Segment Start: Records supplied
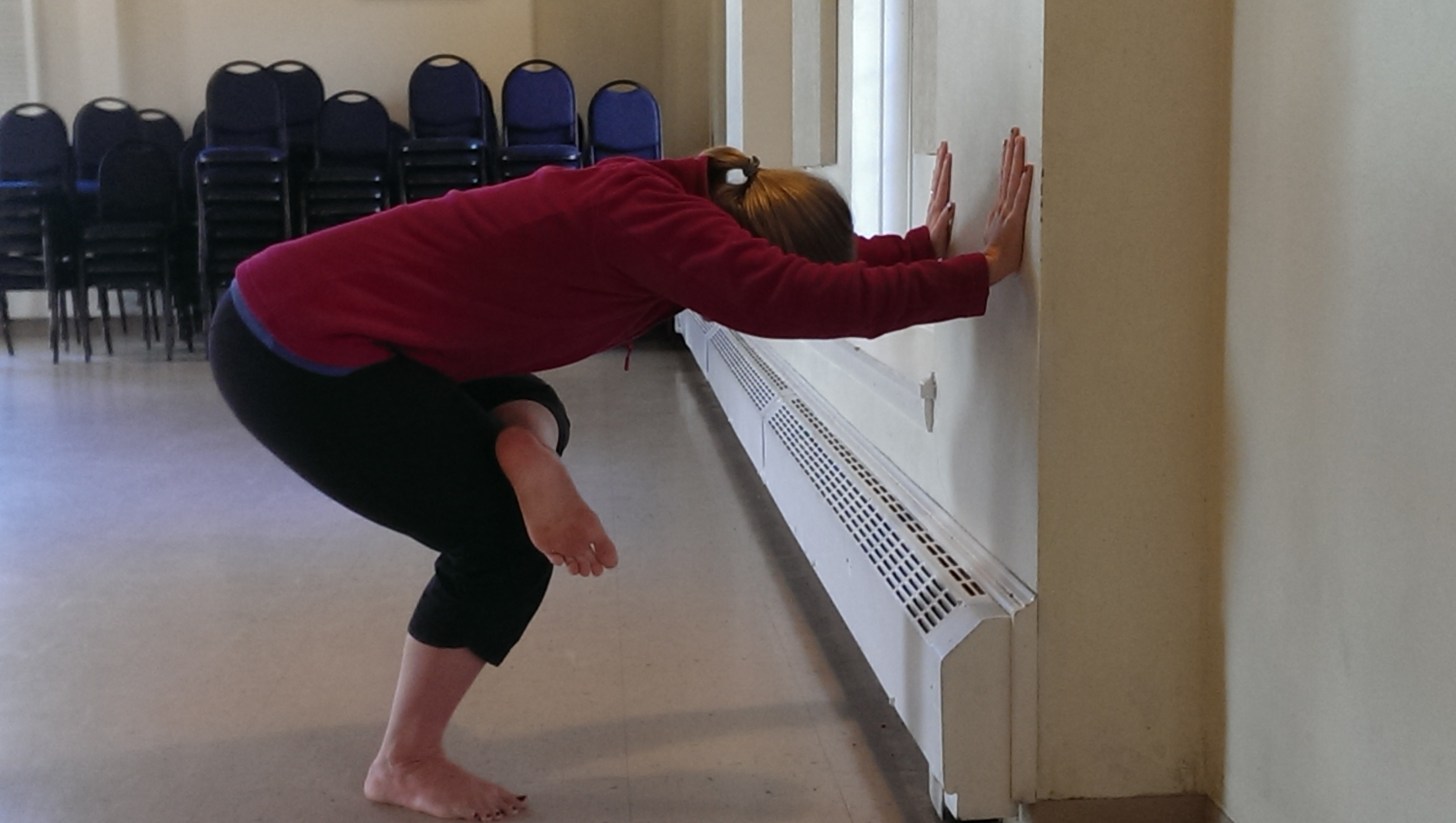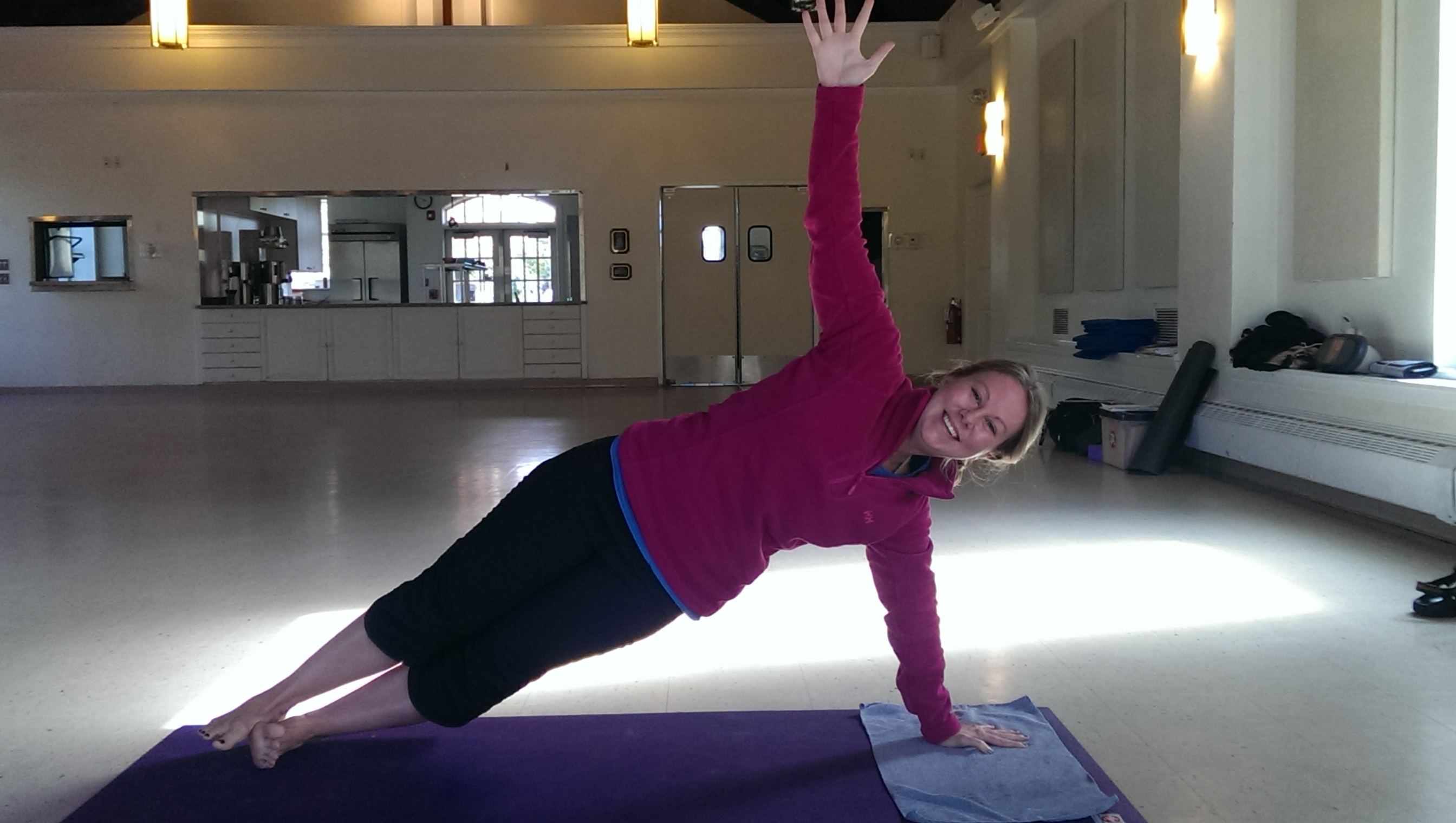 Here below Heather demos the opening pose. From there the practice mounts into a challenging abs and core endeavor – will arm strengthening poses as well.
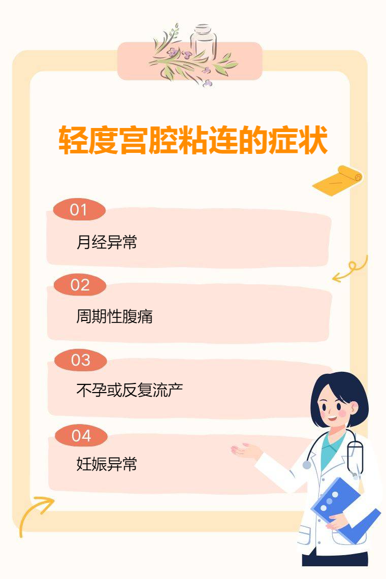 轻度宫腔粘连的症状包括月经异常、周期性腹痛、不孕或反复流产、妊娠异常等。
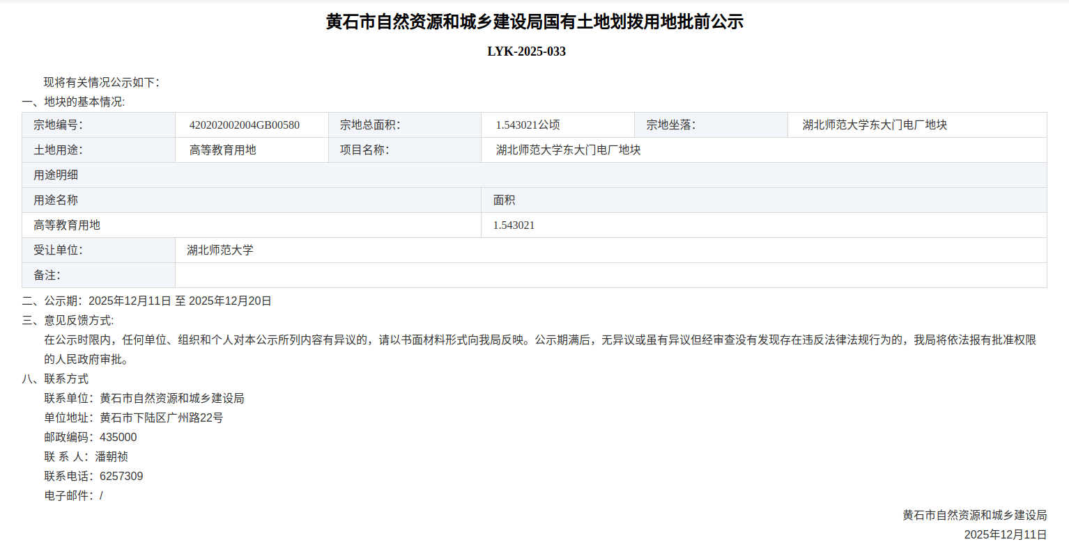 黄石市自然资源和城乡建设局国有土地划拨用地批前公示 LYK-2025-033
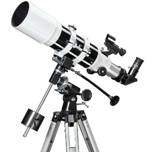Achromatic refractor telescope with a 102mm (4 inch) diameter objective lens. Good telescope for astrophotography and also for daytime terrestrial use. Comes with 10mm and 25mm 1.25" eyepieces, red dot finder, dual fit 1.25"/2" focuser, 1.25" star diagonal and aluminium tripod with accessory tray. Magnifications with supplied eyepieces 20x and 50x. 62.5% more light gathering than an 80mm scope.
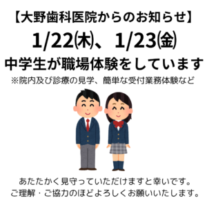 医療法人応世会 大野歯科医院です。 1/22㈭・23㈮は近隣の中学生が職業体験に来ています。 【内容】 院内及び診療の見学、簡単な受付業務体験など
Segment End: Records supplied
> Activity
Only the lines from the line containing "轻度宫腔粘连的症状包括月经异常、周期性腹痛、不孕或反复流产、妊娠异常等。" through the last line of the entries above should be reproduced, word for word and without pictures.

> Answer space
 轻度宫腔粘连的症状包括月经异常、周期性腹痛、不孕或反复流产、妊娠异常等。
 黄石市自然资源和城乡建设局国有土地划拨用地批前公示 LYK-2025-033
Achromatic refractor telescope with a 102mm (4 inch) diameter objective lens. Good telescope for astrophotography and also for daytime terrestrial use. Comes with 10mm and 25mm 1.25" eyepieces, red dot finder, dual fit 1.25"/2" focuser, 1.25" star diagonal and aluminium tripod with accessory tray. Magnifications with supplied eyepieces 20x and 50x. 62.5% more light gathering than an 80mm scope.
 医療法人応世会 大野歯科医院です。 1/22㈭・23㈮は近隣の中学生が職業体験に来ています。 【内容】 院内及び診療の見学、簡単な受付業務体験など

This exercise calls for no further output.